US 12,468,952 B2
Systems and methods for noise-robust contrastive learning
Junnan Li, Singapore (SG); and Chu Hong Hoi, Singapore (SG)
Assigned to Salesforce, Inc., San Francisco, CA (US)
Filed by Salesforce, Inc., San Francisco, CA (US)
Filed on Sep. 9, 2020, as Appl. No. 17/015,858.
Claims priority of provisional application 63/033,547, filed on Jun. 2, 2020.
Prior Publication US 2021/0374553 A1, Dec. 2, 2021
Int. Cl. G06N 3/088 (2023.01); G06N 3/045 (2023.01)

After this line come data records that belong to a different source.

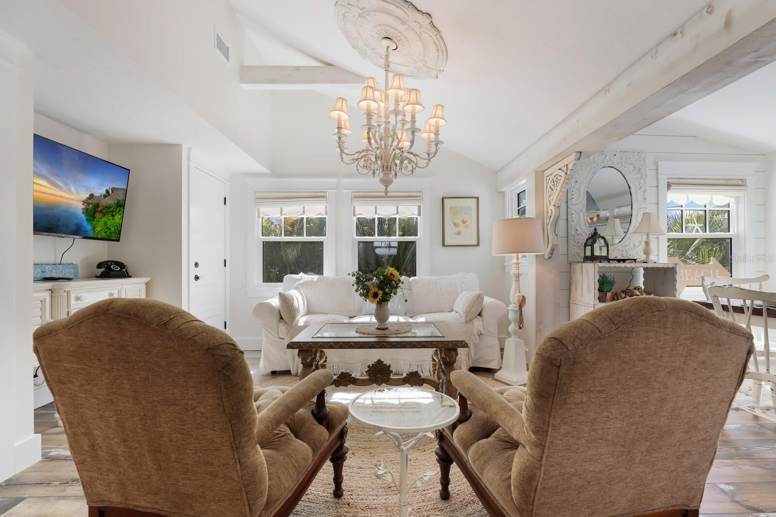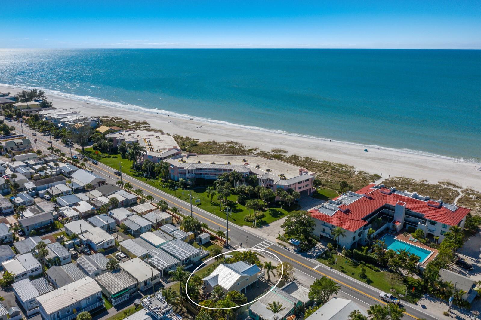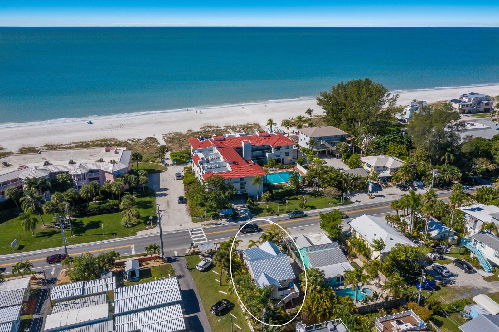 Step into the shabby chic charm of this exquisitely remodeled 2-bedroom, 2-bath cottage, just 100 feet from the shoreline of the Gulf of Mexico. This home beautifully blends historic charm with modern luxury, featuring stunning floors, vintage touches, and beach chic trinkets that envelope this turnkey residence. Features include vaulted ceilings with wood beam accents, ship lap walls, custom window treatments and so much more. Elevated for breathtaking Gulf views from a spacious open front patio, the property also includes a spacious ground level patio, outdoor shower, and firepit area. With parking under the carport, additional driveway space, and a storage area with laundry facilities, convenience is paramount. The property is zoned for monthly rentals and bookings are in place offering a true turnkey package and there is room for a pool too! This home offers unmatched comfort, luxury, and location. Don’t miss the opportunity to own this exceptional piece of paradise on Anna Maria Island.
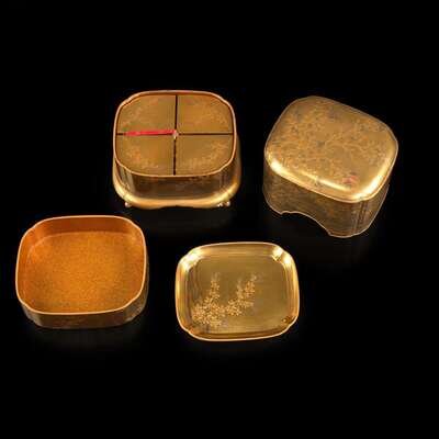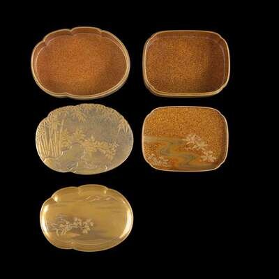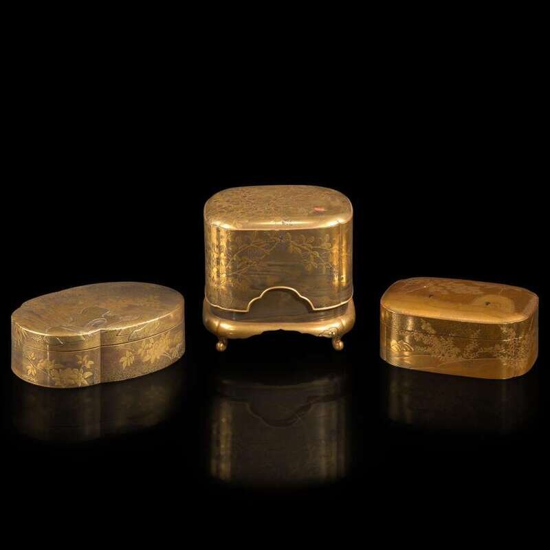Comprising a tall lacquer incense game box of gold and silver hiramaki-e plants against hirame kinji ground, with a deep cover, the interior with a fitted tray and four smaller boxes on a divider; a shaped oval box decorated with bamboo, peonies, and rocks, the interior with a fitted tray depicting a misty shoreline; a hiramaki-e and kirikane-lobed rectangular smaller box, decorated with standing drum behind a curtain in a landscape, the interior of the cover applied with togidashi river and hiramaki-e flowers.
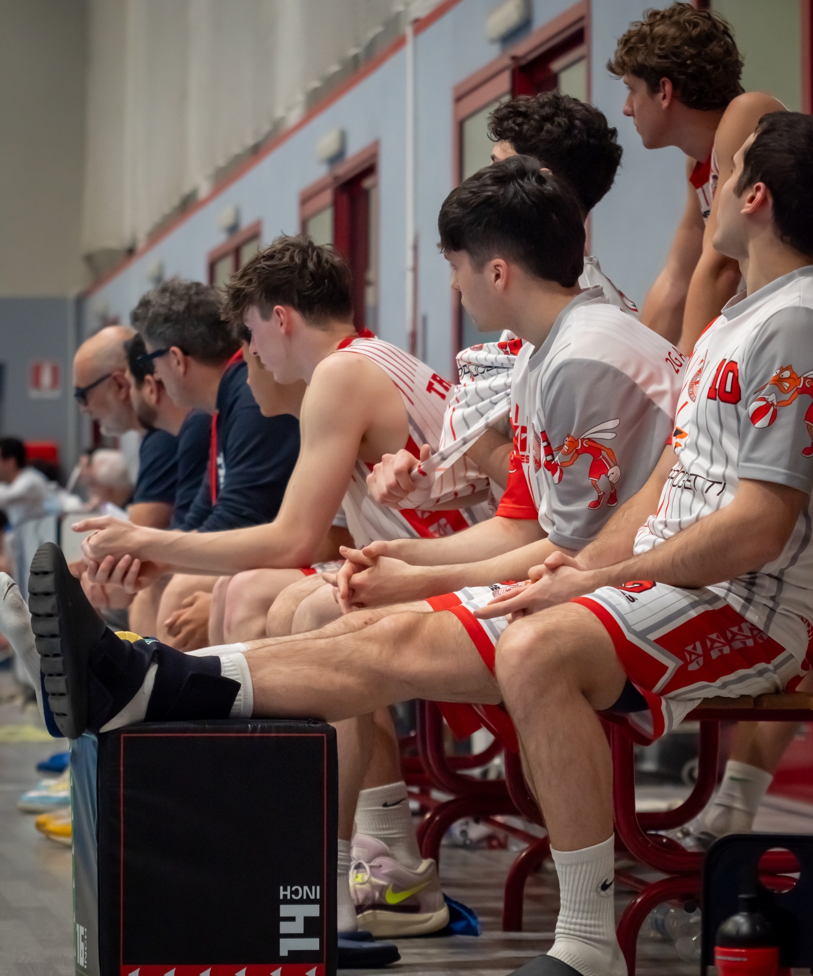 Simone Garavaglia sullo sfondo mentre osserva la partita assieme ai giocatori in panchina (foto L. Moltrasio)
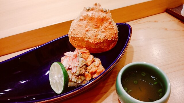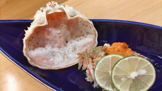 今回の蟹まるごとのお料理は、内子、外子、ほぐし身、蟹足、蟹みそと見た目も豪華で、とても美味しく、夢中で食しました。
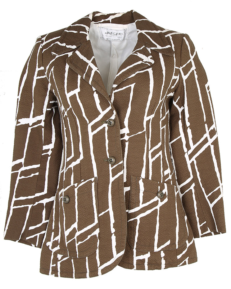1980s brown patterned slim seersucker blazer jacket from British boutique Jaeger.
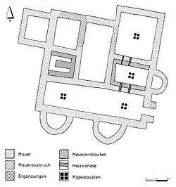 Ausgegraben wurde auch eine römische Villa rustica aus der Mitte des 3. Jahrhunderts mit ihren Nebengebäuden, von denen die Reste eines Badehauses erhalten werden konnten. Aus den Brunnenverfüllungen von zwei Brunnen der Villa wurden Skelettreste von 14 Männern, Frauen und Kindern geborgen, die Spuren von erheblicher Gewalteinwirkung aufwiesen. Dies deutet auf einen Überfall und anschließende Niedermetzelung der damaligen römischen Bewohner durch vermutlich germanische Angreifer hin.
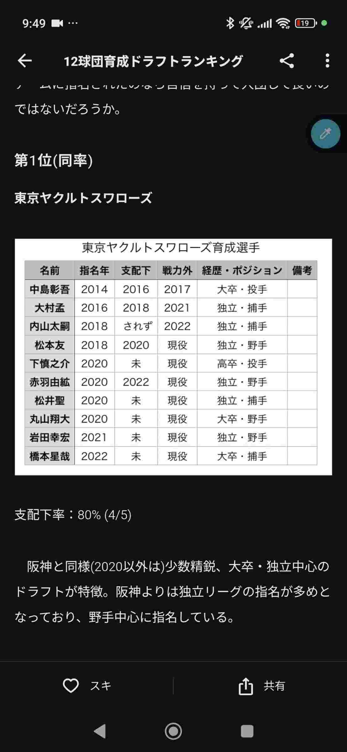 - ヤクルトは少数で支配下率めっちゃ高いんやな
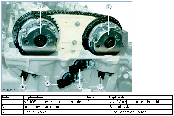 The variable camshaft timing control serves to enhance torque in the lower and middle engine speed range. A VANOS solenoid valve controls a VANOS unit on the intake side and the exhaust side. The VANOS solenoid valves are activated by the DME control unit. The timing of the engine can be influenced using the two variable VANOS adjustment units. A greater valve overlap results in lower amounts of residual gas at idle speed. A recirculation of internal exhaust gas in the partial load range reduces the volume of nitrogen oxide.
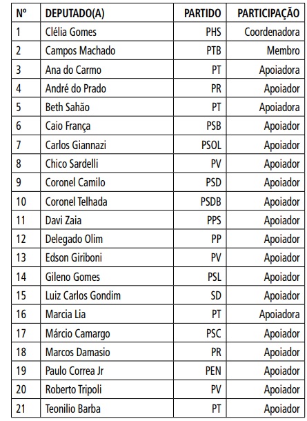 O Presidente da Assembleia Legislativa do Estado de São Paulo, no uso de suas atribuições regimentais e observado o Ofício Nº 09/2015 - SP, de 26 de maio de 2015, da Deputada Clélia Gomes, bem como os Termos de Adesão, nomeia as Deputadas e os Deputados relacionados abaixo para compor a Frente Parlamentar do Respeito e da Liberdade à Diversidade Humana.
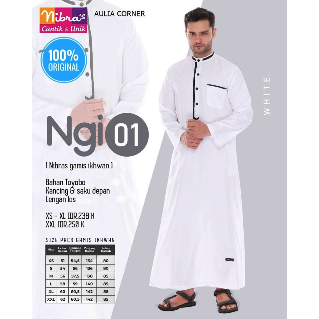 Baju Muslim Gamis Pria Terbaru Nibras Ngi 01 White Original Busana
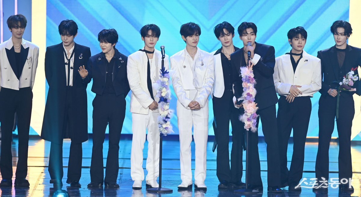 스포츠동아가 주최하고 ‘유픽(upick)’과 WSM이 주관하는 ‘유픽과 함께 하는 제1회 디 어워즈(D Awards with upick)’(주최: 스포츠동아, WSM · 주관: UPICK, WSM · 후원: G.K Link, ITTA)가 22일 서울 고려대학교 화정체육관에서 개최됐다. 디 어워즈 블랙라벨 올해의 레코드(D*AWARDS BLACK LABEL Record of the Year)에 선정된 ZEROBASEONE(제로베이스원)이 수상 소감을 밝히고 있다. 주현희 기자 teth1147@donga.com

CPC G06N 3/088 (2013.01) [G06N 3/045 (2023.01)] 10 Claims
OG exemplary drawing
 
1. A system for training a neural network model for object identification in images, comprising:
a communication interface configured to receive a training dataset comprising a set of image samples, each image sample having a noisy label that belongs to a plurality of classes;
a non-transitory memory storing the neural network model including an encoder, a first copy of the encoder, a second copy of the encoder, a classifier, an autoencoder and a first copy of the autoencoder both coupled to the classifier, a second copy of the autoencoder and processor-executable instructions; and
one or more hardware processors coupled to the non-transitory memory and configured to read instructions from the non-transitory memory to cause the system to perform operations comprising:
generating, for each image sample of the set of image samples, a first augmented image sample by modifying a first amount of the respective image sample, a second augmented image sample by modifying a second different amount of the same respective image sample, and an interpolated image sample by taking a linear interpolation, the first augmented image sample, the second augmented image sample and the interpolated image sample corresponding to a same original image sample;
encoding, the first augmented image sample by the encoder of the neural network model, the second augmented image sample by a first copy of the encoder and the interpolated image sample by a second copy of the encoder operated in parallel to the encoder into a first high-dimensional feature representation, a second high-dimensional feature representation, and a third high-dimensional feature representation, respectively;
projecting, respectively by the autoencoder, a first copy of the autoencoder and a second copy of the autoencoder operated in parallel, the first high-dimensional feature representation, the second high-dimensional feature representation, and the third high-dimensional feature representation to a first embedding, a second embedding, and a third embedding that are normalized in a low-dimensional embedding space;
reconstructing, respectively by the autoencoder, the first copy of the autoencoder and the second copy of the autoencoder, the first high-dimensional feature representation based on the first embedding, the second high-dimensional feature representation based on the second embedding, and the third high-dimensional feature representation based on the third embedding;
generating, by the classifier, classification probabilities based on the first high-dimensional feature representation and the second high-dimensional feature representation;
computing a cross-entropy loss based on the classification probabilities;
computing a consistency contrastive loss based on a positive pair of the first embedding and the second embedding and one or more negative pair of embeddings projected from augmented image samples that do not correspond to a same original image sample;
computing for each class of the plurality of classes, a respective class prototype as a normalized mean embedding over image samples that belong to the respective class in the training dataset;
computing a prototypical contrastive loss based on a weighted combination of a comparison between the first embedding and the third embedding and a comparison between the second embedding and the third embedding;
computing a reconstruction loss based on a first reconstruction loss and a second reconstruction loss, wherein the first reconstruction loss is calculated based on the first embedding and the reconstructed first high-dimensional feature representation, and the second reconstruction loss is calculated based on the second embedding and the reconstructed second high-dimensional feature representation;
computing a combined loss based on a weighted sum of the cross-entropy loss, the instance contrastive loss, the prototypical contrastive loss and the reconstruction loss;
training the neural network model by minimizing the combined loss; and
predicting, by the trained neural network model, a class label for object identification in an input image.